Bu slogan, Londra’daki Finsbury Park Camii yakınında teravih namazından çıkanlara yapılan saldırı sonrasında farklı din ve etnik grupların bir araya gelip yaptıkları gösteride kullanıldı. Cümle, ırkçılığı, yabancı düşmanlığını ve özellikle de Müslüman düşmanlığını kınamaya yönelik tepkiyi ortaya koyuyor.
Müslümanların azınlık olarak yaşadığı yerlerde Müslüman olmayanların yapılan saldırıları kınamaları son derece anlamlı, zira azınlığın haklarını ancak o azınlığa dahil olmayanlar garanti altına alabilir. Ancak Müslümanların çoğunluk olarak yaşadıkları yerlerde Müslümanlara dokunuluyor ise ne olacak?
Ortadoğu’nun birçok yerinde savaş ve çatışmaların bitmediği ve konusu ile tarafları kim olursa olsun her durumda Müslümanların öldüğü düşünülürse, buralardaki insanlara dokunulmasının fazla rahatsızlık yaratmadığı düşünülebilir.

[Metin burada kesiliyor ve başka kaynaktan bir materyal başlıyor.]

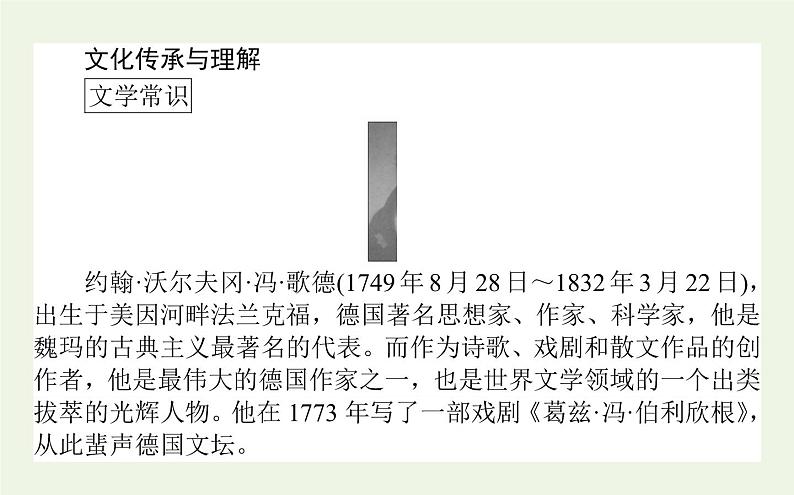 这是一份人教统编版选择性必修 中册13.1 迷娘(之一)教学演示ppt课件,共28页。PPT课件主要包含了作品简介,迷娘其人,迷娘之一等内容,欢迎下载使用。

En son örneği Suriye’den vermek mümkün. ABD, Suriye’de bir rejim savaş uçağını vurdu. Vurmadan önce yapılan açıklamaya göre Suriye rejim güçleri Cedin’i denetim altına almış olan Suriye Demokratik Güçlerine ateş açmış ve çok sayıda kişiyi yaralamıştı.
Sattı müdafaa
Rejim, muhalifleri vuruyor; ABD de vuranları vuruyor. DEAŞ’la mücadele çerçevesinde ABD’nin Suriye’deki yaklaşımı zaten oldukça açık. DEAŞ’lıların bulunduğu bölgeleri tümüyle bombalamayı tercih eden ABD, herkesi öldürdüğü için zaten DEAŞ’lıları da öldürmüş oluyor.
Bu yöntem, Putin’in terörle mücadele yöntemine benziyor. Geçmiş yıllarda yaşanan opera ve okul baskınlarında Çeçen teröristleri öldürmek için yapılan baskında Rus silahlı güçleri herkesi öldürmeyi hedefleyen operasyonlar yapmışlar, bu arada teröristleri de öldürmeyi başarmışlardı.
Bununla birlikte Trump ABD’sinin aynı yöntemi çok daha geniş bir arazide uyguladığını belirtmek gerekiyor. Amaç DEAŞ’ı bitirmek olduğundan ve DEAŞ da yaygın bir yapıya sahip olduğundan ABD, pek karaya ayak basma riskine girmeden havadan bu geniş araziyi temizleme gayreti gösteriyor. Tabi bu arada sadece DEAŞ’lılar değil çoluk çocuk çok sayıda sivil ve masum insan da hedefe girmiş oluyor. Muhtemelen amaç çok ulvi olduğu için sivil ölümleri teferruat olarak görülüyor.
Hattı müdafaa
Amacın büyüklüğü karşısında Suriye’de her kesimden insanın ölmesini ayrıntı olarak gören sadece ABD değil. Rusya’nın da benzer bir eğilimi söz konusu. Hatırlanacağı gibi Rejim güçlerinin sivilleri kimyasal silahlarla öldürdüğü iddiaları karşısında Rusya hararetle Esad’ı savunmuştu. Ayrıca, Rus güçlerinin de DEAŞ’la mücadele kapsamında sivil ölümlerinde payı olmadığını söylemek mümkün değil.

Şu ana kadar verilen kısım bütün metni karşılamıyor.